Vacancies will often go without candidates for weeks, if not months, on end. So how do we adjust? We still need top candidates to deliver the product of imaging, and top candidates to lead our team through an increasingly complex system in which access, turnaround times, length of stay, quality, and patient throughput are all integral pieces of a patient’s healthcare experience. Medical imaging plays a primary role in that experience, and success requires a team.


When imaging fails to deliver exceptionally in these key performance indicators, the whole system fails. Most importantly the patient suffers.
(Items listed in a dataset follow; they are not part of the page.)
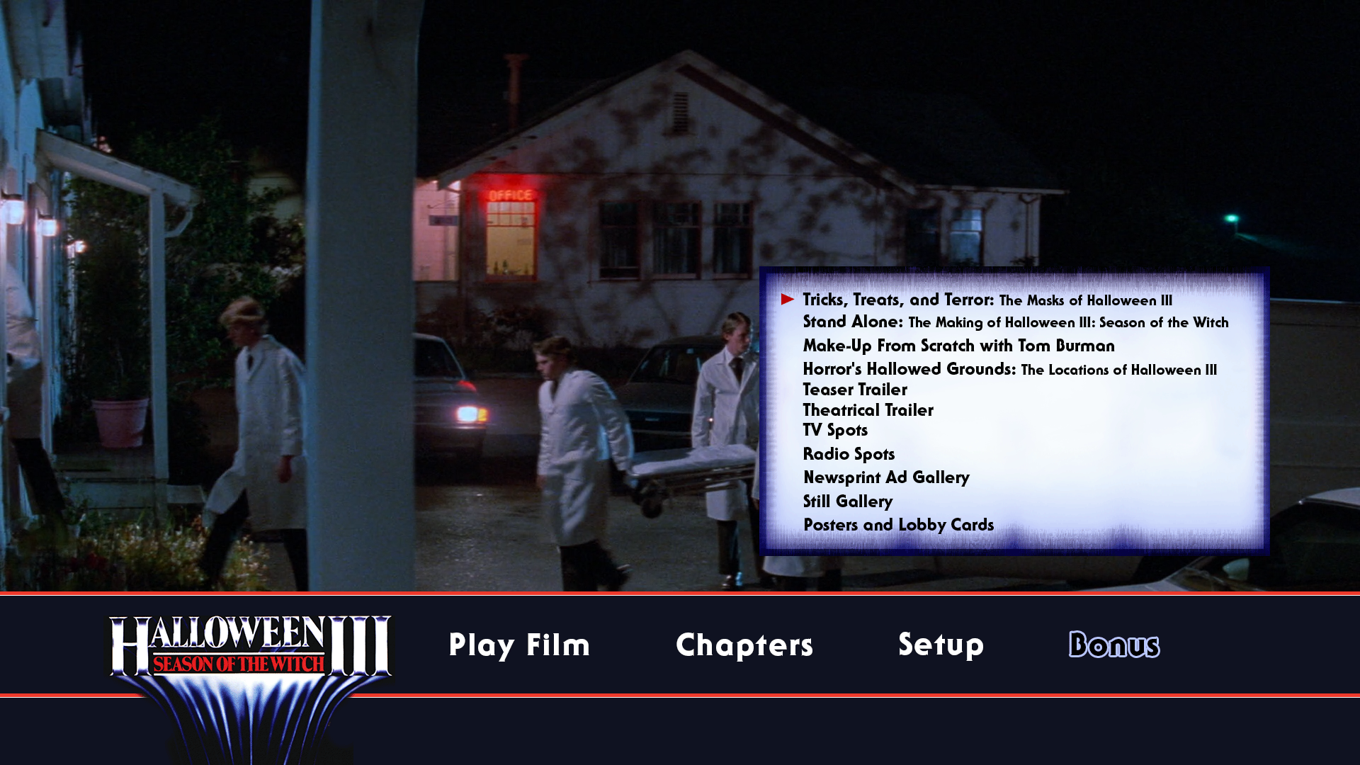 - “Stand Alone: The Making Of Halloween III: Season Of The Witch” Featuring Tommy Lee Wallace, Actors Tom Atkins And Stacey Nelkin, Stunt Coordinator Dick Warlock, Director Of Photography Dean Cundey, And More (unrestored HD; 33:09)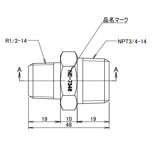 品名 : R1/2"xNPT3/4" 異径六角ニップル(ステンレス製)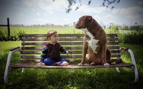 Wallpaper A little boy is sitting with a big dog on a bench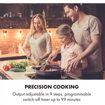 - Sécurités : arrêt automatique, anti surchauffe, verrouillage du clavier, témoin de chaleur résiduelle, détection d'absence de récipient, témoin de mise sous tension
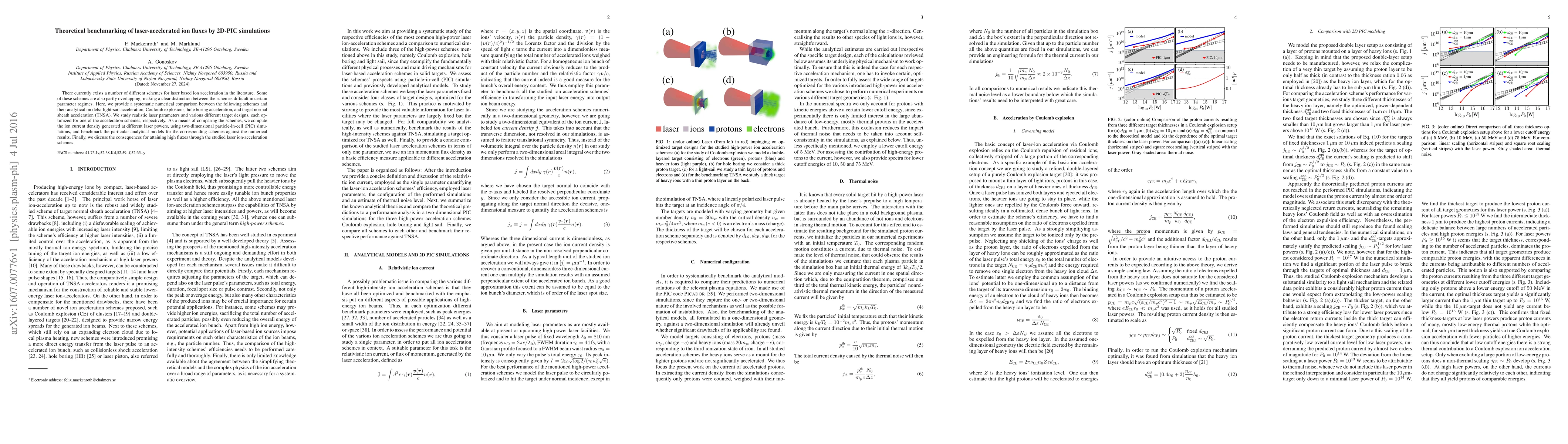 This paper systematically compares various laser-based ion acceleration schemes—light-sail, Coulomb explosions, hole boring, and TNSA—using 2D-PIC simulations. The study benchmarks analytical models against numerical results to determine ion current density and optimal target designs for high ion flux.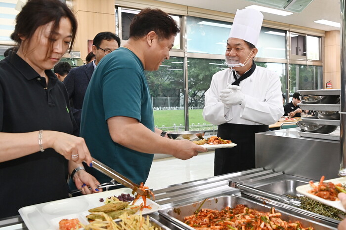 이재준 수원특례시장이 무더위에도 훈련에 매진하는 ‘수원특례시청 직장운동경기부’ 선수들에게 말복을 맞아 삼계탕을 배식하고, 격려했다.
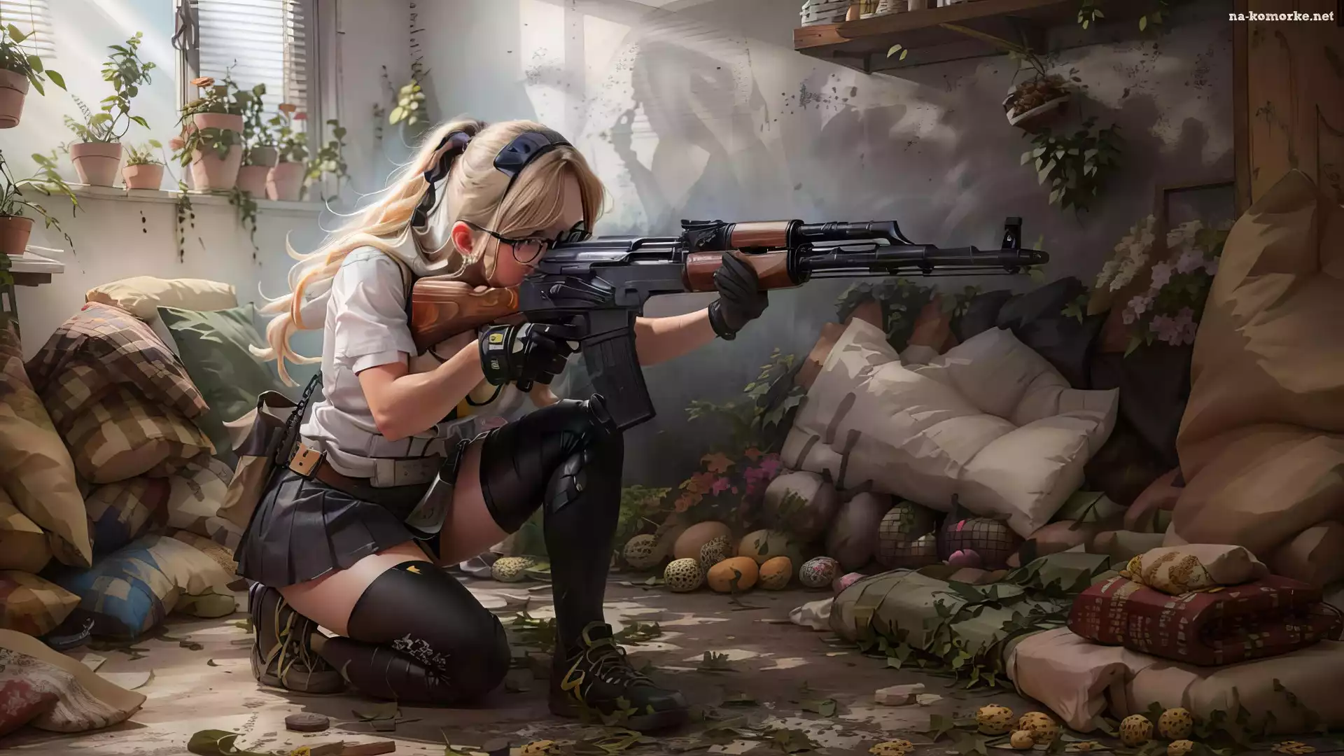Dziewczyna, Broń, Karabin, Blondynka, Grafika na Komórkę

There is no magic recipe for success in these metrics since success is dependent on people. We have to listen to our people.


Are we listening? Well, we may have an attractive sign-on incentive for a difficult-to-fill position that we have limited candidates. But once we get to connect with the candidate, what are they asking about? Recent common themes tend to include questions about “on-call” schedules, weekend rotations, and holiday expectations. How are we, as imaging leaders, balancing that for our current teams, and how are we conveying to candidates that this balance is important to us as an organization?


Of course, schedules need to be covered and there must be redundant coverage in many 24/7 healthcare settings. Candidates understand this. But how else are we promoting balance?


At the Banner Gateway Medical Center in Gilbert, Arizona, some other efforts we have successfully implemented include reestablishing our relationships with local colleges, to provide clinical rotation access for their students at our hospital which was paused during the pandemic. Additionally, we have considered educational institutions for which to provide clinical rotation; these are organizations we previously had no established relationships.


What about imaging leaders? What are we doing to recruit and retain them? Imaging leaders have it harder than ever, with frequent vacancies in positions where choosing not to staff is simply not a viable option. Next-level imaging leaders are often backfilling the required administrative work of their frontline leaders, as the frontline leaders are often “in the count” upwards of 100% of the time.


It is Time To Embrace The Paradigm Shift and Adjust to a Workforce That Values Balance and Boundaries More Than Ever


So how do we support our imaging leaders so that we can recruit and retain top talent? Again, another good starting point is listening. Even though an imaging leader may not be clinically “in the count,” imaging leaders are on standby 24/7 awaiting the next call out, equipment failure, or department emergency that requires their expertise to successfully navigate.


Is there a way we can offer a balance that does not only include when a leader takes PTO, or when they’re in a “no-cell-service” situation, to offer them a chance to exhale? Our imaging leadership team at Banner Gateway is trialling a version of “administrator on call” which is common at the facility level, but not common at the department level. The intent is to share the “burden” of after-hours and weekend situations that require a leader’s intervention or input spread out amongst a team, so leaders can have periods of downtime/balance when they are not on-site at work.


Additionally, imaging leaders can be tasked with juggling a seemingly impossible amount of plates at the same time. Are we driving a hard expectation that every task must be knocked out of the park? Or do we grant permission to let the “plates” of lower importance occasionally fall while efforts are prioritized to the most critical issues, and offer grace and support in picking up the pieces when appropriate?


These are just some of the considerations of what recruitment and retention look like in imaging for our frontline workers and leaders. Rather than lament the pre-pandemic “live to work” approach to career growth and development, I encourage leaders across our industry to consider embracing the paradigm shift and adjusting to a workforce that values balance and boundaries more than ever.